So, I'm curious: If I were to only use resize() to create this array, without any of the dynamic stuff ever being used, what would be the exact advantages over just saying "TRI tris[TRIS_SIZE]?" I ask this because I do not intend to resize my arrays during execution; there are various design reasons why this would be problematic.


vectors store their data on the heap, not on the stack, so you no longer have those arrays taking up space in that precious ~1MB stack space.

Quote:

Is the syntax for accessing a data element of a vector the same as for an array? For example, would this work?
*** Source Snippet Removed ***


Yes.

Also note that you can use vector<TRI> tris(TRI_SIZE); to get the same effect as the first 2 lines.

Quote:

I know I keep asking this question, but can someone tell me at what point it becomes requisite to use these special array-creation methods? Or should I just use vectors for all the arrays I ever make, just to be safe?

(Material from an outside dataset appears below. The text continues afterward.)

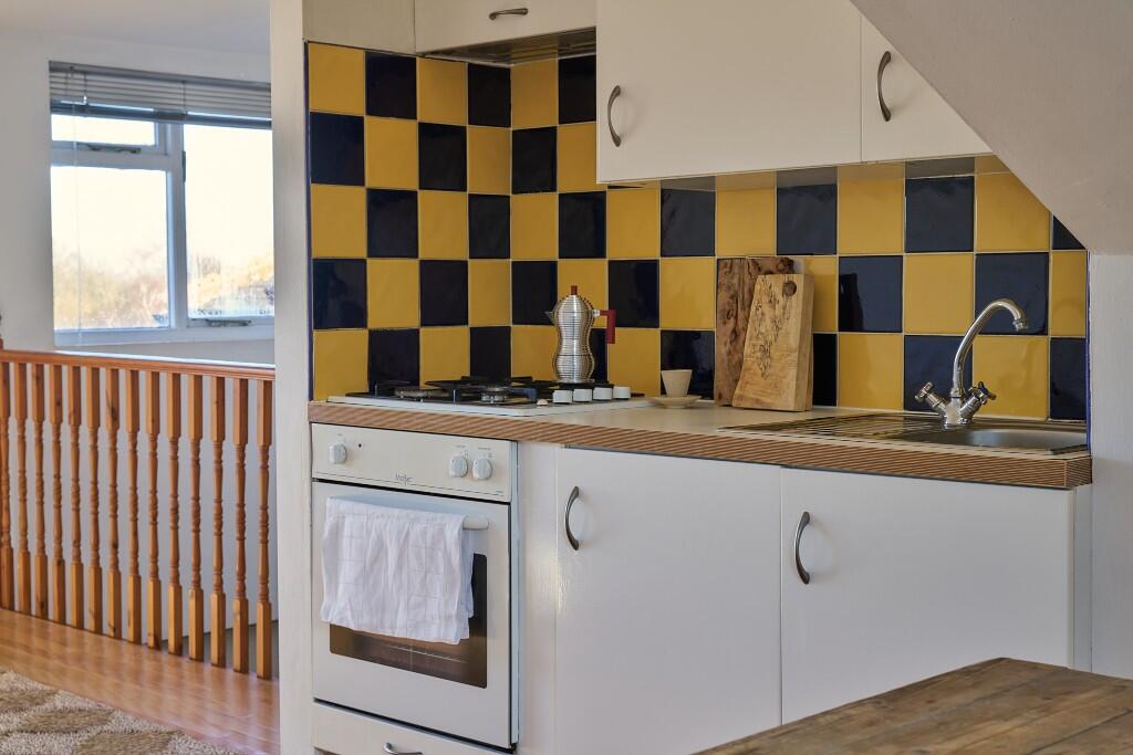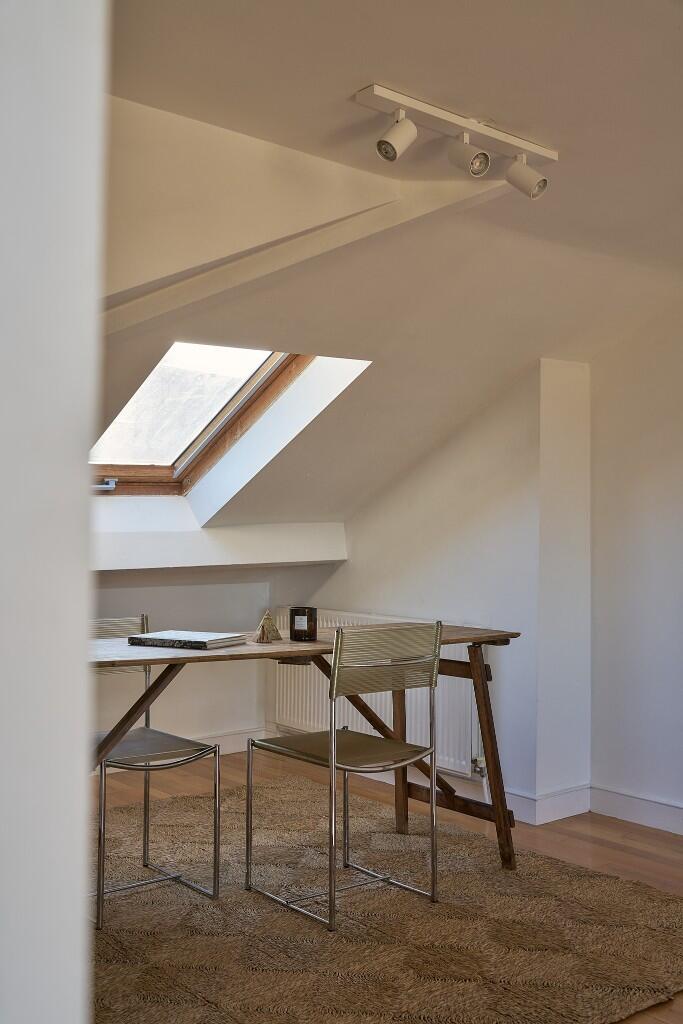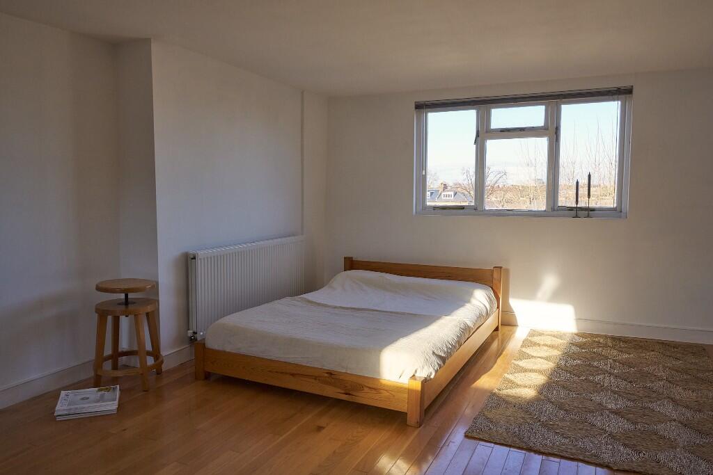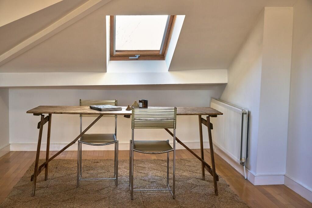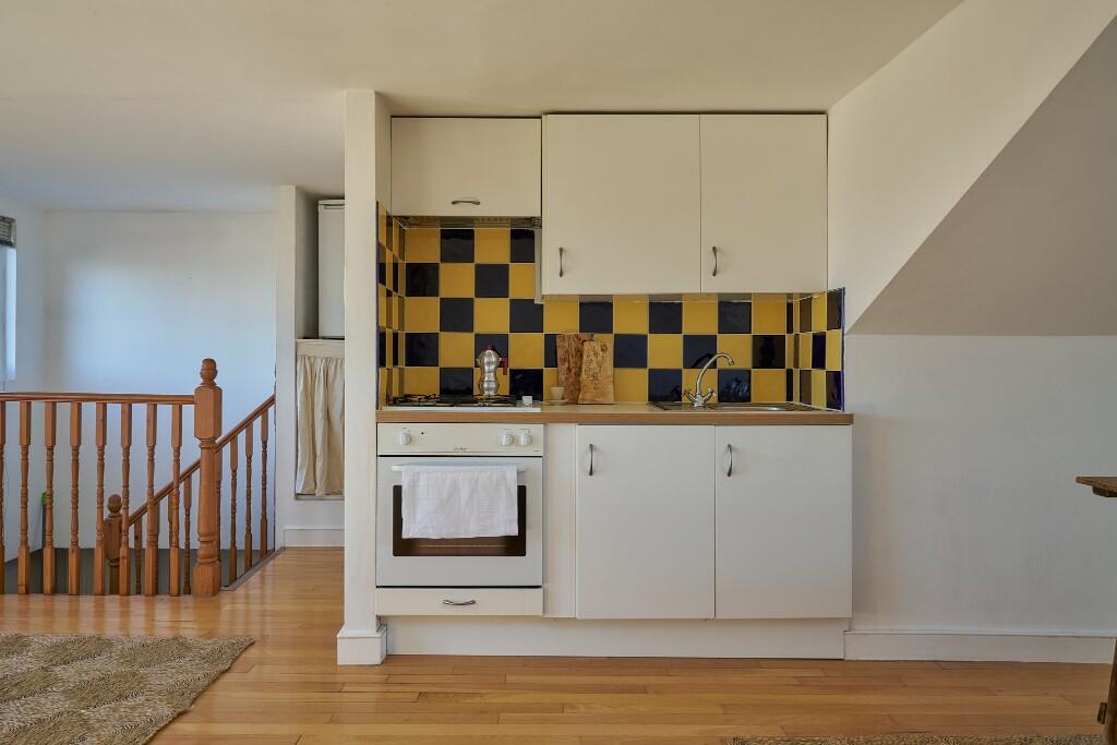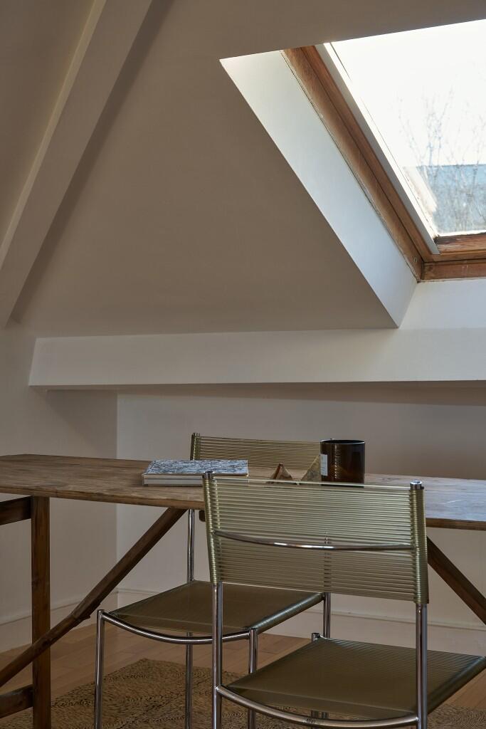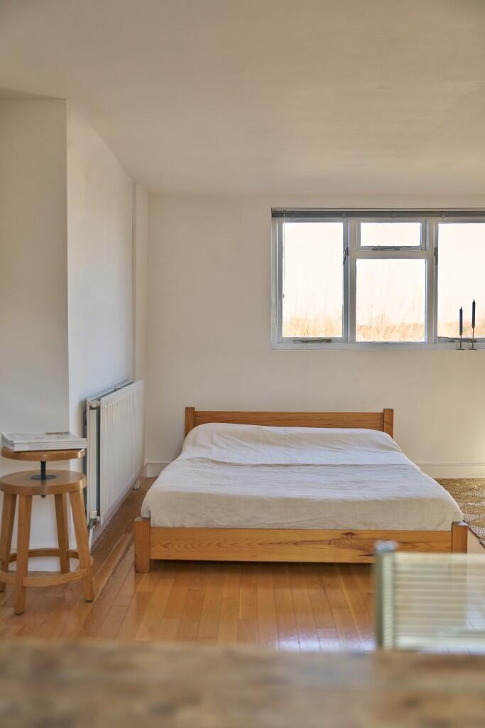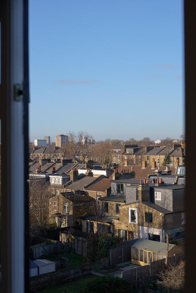 Occupying the third floor of a handsome Victorian terrace in Clapton, this light-filled studio apartment has expansive views over the gardens, rooftops and spires of North Hackney. Simply renovated with playful pops of colour, this lofty space is a tranquil hideaway amongst the bustle of East London

I use vectors / other std::containers for just about every array related thing I need to do. I use std::string for all string operations where I can.

Its easier because I dont have to worry about creating, naming and updating "magic" numbers for array sizes. In most stl implementations std::vector will do bounds checking in debug mode which can also be a help.

I think zahlman put it best one time, something like "arrays make sense when the size of the array comes from the program domain ( developing a chess game, the chessboard is *always* 8 x 8 )".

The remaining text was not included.